Success doesn’t make a proper story, however. To get at the real marrow of things I must transport you from a World School to an Elementary School to its play-yard. In Pinellas County, these play-yards follow a cookie-cutter. When I transferred elementary schools—I swear to you—it was like walking a theater house’s back room. Past props will radiate the stage’s spotlighting—its sad nostalgia—in perfectly cancerous roentgens. And as glowing ghosts seem to walk among the bones of a set, I will again haunt these playgrounds for you, walking between the school, the transfer-school.

(I am a benevolent shade.)


The playgrounds’ back ends were each darkened by a lonely, sickly oak. These ends terminated in corners of wire-mesh fencing. I will place your hand in their respective chain-links:
At Davis, the links were smooth and cool, cool from the shade.

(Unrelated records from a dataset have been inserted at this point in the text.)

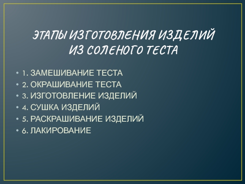 ЭТАПЫ ИЗГОТОВЛЕНИЯ ИЗДЕЛИЙ ИЗ СОЛЕНОГО ТЕСТА 1. ЗАМЕШИВАНИЕ ТЕСТА2. ОКРАШИВАНИЕ ТЕСТА3. ИЗГОТОВЛЕНИЕ ИЗДЕЛИЙ4. СУШКА ИЗДЕЛИЙ5. РАСКРАШИВАНИЕ ИЗДЕЛИЙ6.
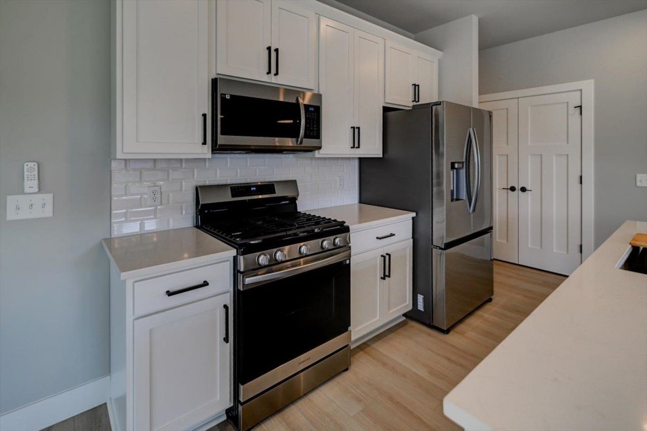 Just Completed! Rare find new construction zero lot line Ranch Home in Stoughton. Located at the north edge of beautiful Stoughton WI and 12 minutes from Madison. This Alterra Design Ranch Home features open floor plan, open kitchen, living room features big windows with great sunlight, large Quartz kitchen island, SS appliances, pantry, mudroom. Main level primary bedroom, 2nd bedroom. this home is finished in lower level with family room and 3rd Bedroom, additional bathroom. 2 Car garage. Private patio with park view. Minutes from Walmart Supercenter, Restaurants, Coffee shops!
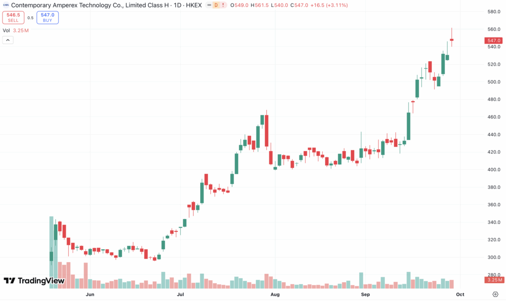 The company held one of the world’s largest IPOs in HKEX during the summer. Bullishness abound; and prices soon soared. CATL is now a US$250 billion company (48th largest globally). Its market share of the global EV battery sector is estimated at above 30 percent.
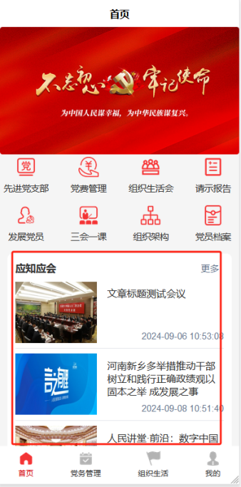 黨建宣傳頁(yè)面展示最近黨內(nèi)資訊,其中包括時(shí)政要聞、基層動(dòng)態(tài)、黨員先鋒、組織活動(dòng)、榜樣精神、群團(tuán)工作、反腐倡廉等內(nèi)容分類,詳情包括文本、圖片等展示形式圖文并茂的展現(xiàn)了最新黨內(nèi)資訊。
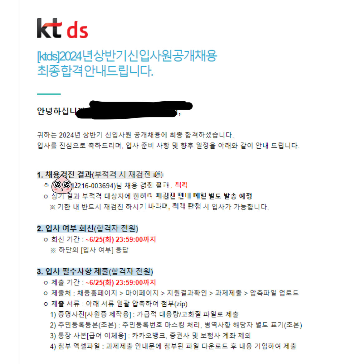 서류 인적성코테 pt면접 과제제작 1차면접 채용검진 2차면접을 준비하면서 회사에 대해 점점 더 많이 찾아보게 되었고 시간과 노력을 많이 투자해서 화사에 입사 전부터 애착이 생겼었다
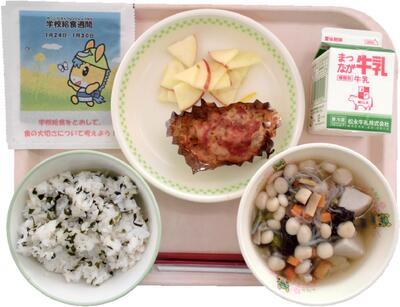 2024年1月25日 12時35分今日は、学校給食週間の2日目です。今日は、会津地方の郷土料理『こづゆ』の登場です。お正月や結婚式などのお祝いの時に食べられます。ホタテの貝柱を水で戻した物をだし汁で使うのが特徴です。材料は、山の産物の「きくらげ、しいたけ」、里の産物の「さといも、にんじん」、海の産物の「ホタテの貝柱」です。こうした「山の幸」「里の幸」「海の幸」の貯蔵できる食材や乾物などの食材を必ず膳に入れるところが、会津の食の特徴です。ホタテの貝柱のだしがきいていて、とても上品な汁物です。会津藩のごちそうを味わってみましょう。また、副菜の『ゆずりんご』は、フルーツ王国福島を代表する冬の果物「りんご」を使ったデザートです。

At Curlew Creek, workers had just finished spraying concrete for a new sidewalk. The splatter from their hoses had hardened onto these loops in sharp, hurtful burs.

I tell you they were sharp and hurtful because I still can identify the scars from where they broke my skin.


However, the plaster burs broke my skin like any blade, gun, or greasy slider has ever killed a man. It takes an agent to break skin and to take lives and change lives—or so I’d like to think. You might guess I would choose for agents the boys to whom I was queered.

But that’s an unsatisfying conclusion.


In their defense, I too would have joined in punishing myself against a chain-link corner. I was a queer kid. I say this because I still don’t understand that rough boys laugh when you substitute “strange” with “queer” (another musty meaning), but I say this even more because I was sour-faced and beetle-browed—a world-hating brat. And while I don’t think those failures justified six agonizing years, the bullies they attracted catalyzed needful—painful—lessons.


I had been shrugging off the world, you see—asking its sticks, stones, and then learning to shrug those off, too. The bully’s terrible assay taught me to live in the world. Like Fitzgerald’s unfortunate protagonist, I had to get wise to myself. Don’t dismiss bullying outright: Like any calamity, it has the capacity for generative good.

Swallow their poison and convert it to a better end!